• _Available data_
-- Opening Marker --

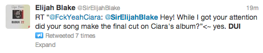 Her appearance on the series came hours after a member of her 'C Squad' got more than they bargained for on Twitter today. For, perhaps in taking a chance to score more info on the LP, they tweeted her long time collaborator Elijah Blake to quiz him on his contribution to the release, to which he shared:
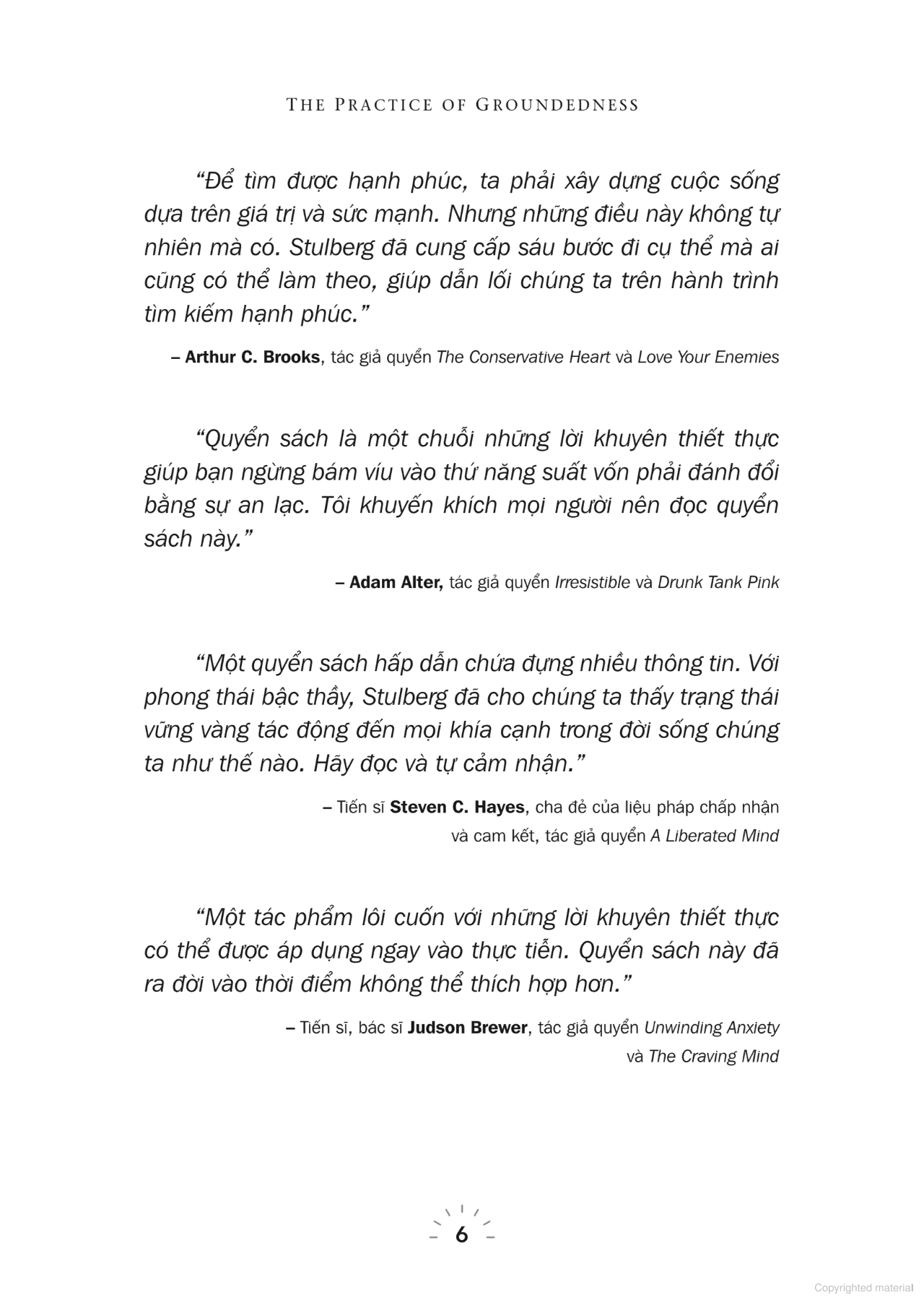Khép lại quyển sách này, hy vọng bạn sẽ chọn cho m.ình những nguyên tắc sống vững vàng thay cho chủ nghĩa cá nhân anh hùng, bao gồm thái độ chấp nhận thay vì chìm trong những ảo tưởng và suy nghĩ hão huyền; khả năng hiện diện trọn vẹn trong từng phút giây thay vì bị phân tâm; chọn lòng kiên nhẫn thay vì hối hả; chọn chấp nhận những điểm yếu thay vì mong muốn trở nên bất bại; chọn sự gắn kết cộng đồng hơn là sự tách biệt; và chọn vận động thể chất chứ không ngồi yên một chỗ.
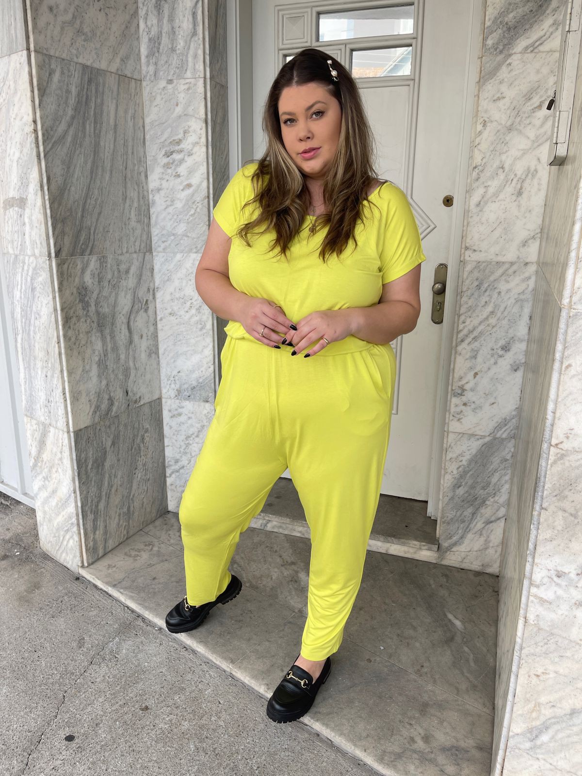 Modelagem: Macacão viscolycra de mangas curtas , elástico na cintura com bolso na lateral e detalhe de amarração nas costas.
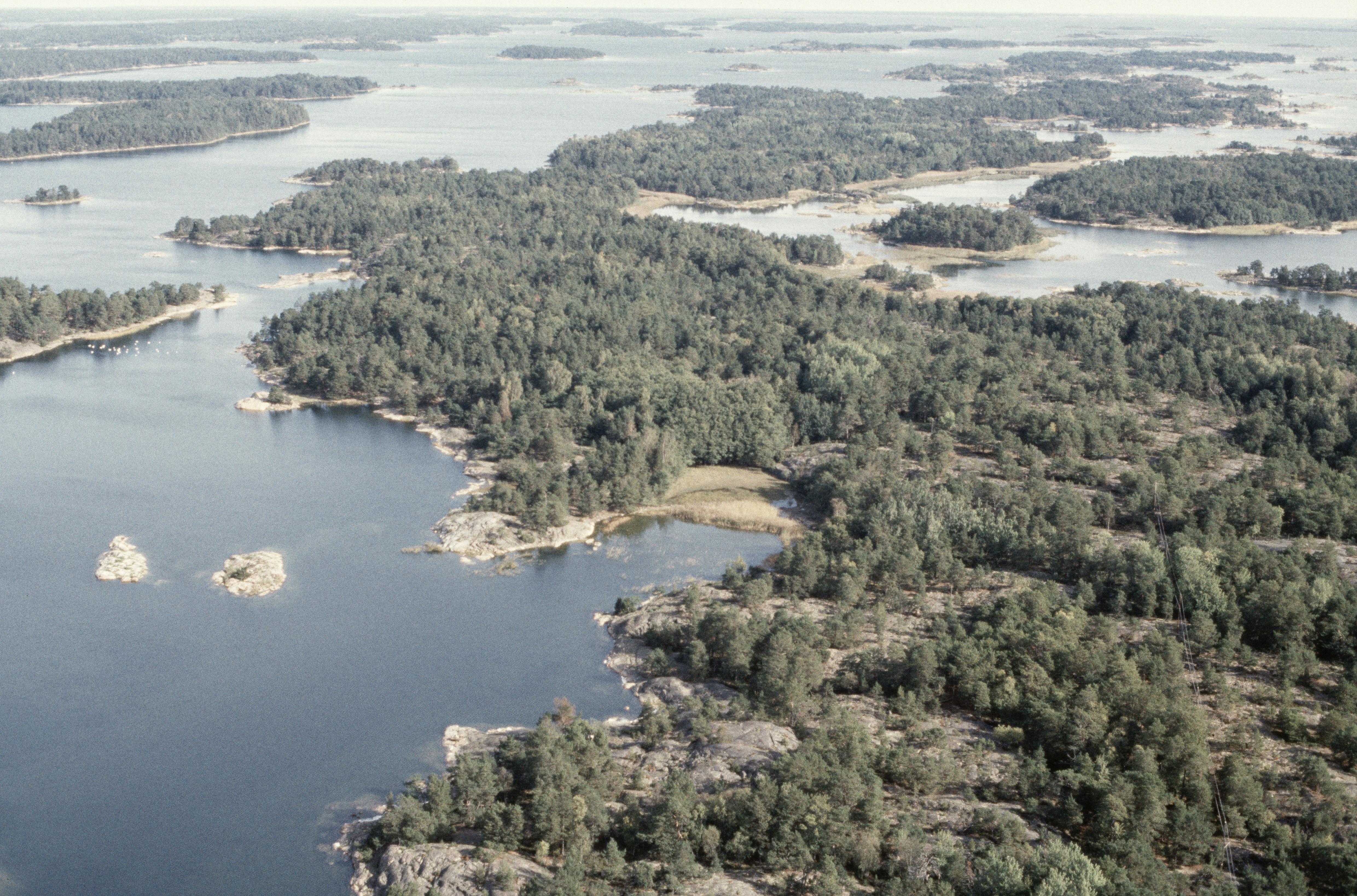 Beskrivning: Jungfruskärs naturreservat i Nämndöfjärden. Ön Jungfruskär med kringliggande öar och holmar. Till vänster viken Norra Fladen. Bilden är tagen mot (väderstreck): N

-- Closing Marker --

• _Exercise details_
Keeping every word as it is, write out all the data and omit the pictures.

• _Exercise answer_
 Her appearance on the series came hours after a member of her 'C Squad' got more than they bargained for on Twitter today. For, perhaps in taking a chance to score more info on the LP, they tweeted her long time collaborator Elijah Blake to quiz him on his contribution to the release, to which he shared:
Khép lại quyển sách này, hy vọng bạn sẽ chọn cho m.ình những nguyên tắc sống vững vàng thay cho chủ nghĩa cá nhân anh hùng, bao gồm thái độ chấp nhận thay vì chìm trong những ảo tưởng và suy nghĩ hão huyền; khả năng hiện diện trọn vẹn trong từng phút giây thay vì bị phân tâm; chọn lòng kiên nhẫn thay vì hối hả; chọn chấp nhận những điểm yếu thay vì mong muốn trở nên bất bại; chọn sự gắn kết cộng đồng hơn là sự tách biệt; và chọn vận động thể chất chứ không ngồi yên một chỗ.
 Modelagem: Macacão viscolycra de mangas curtas , elástico na cintura com bolso na lateral e detalhe de amarração nas costas.
 Beskrivning: Jungfruskärs naturreservat i Nämndöfjärden. Ön Jungfruskär med kringliggande öar och holmar. Till vänster viken Norra Fladen. Bilden är tagen mot (väderstreck): N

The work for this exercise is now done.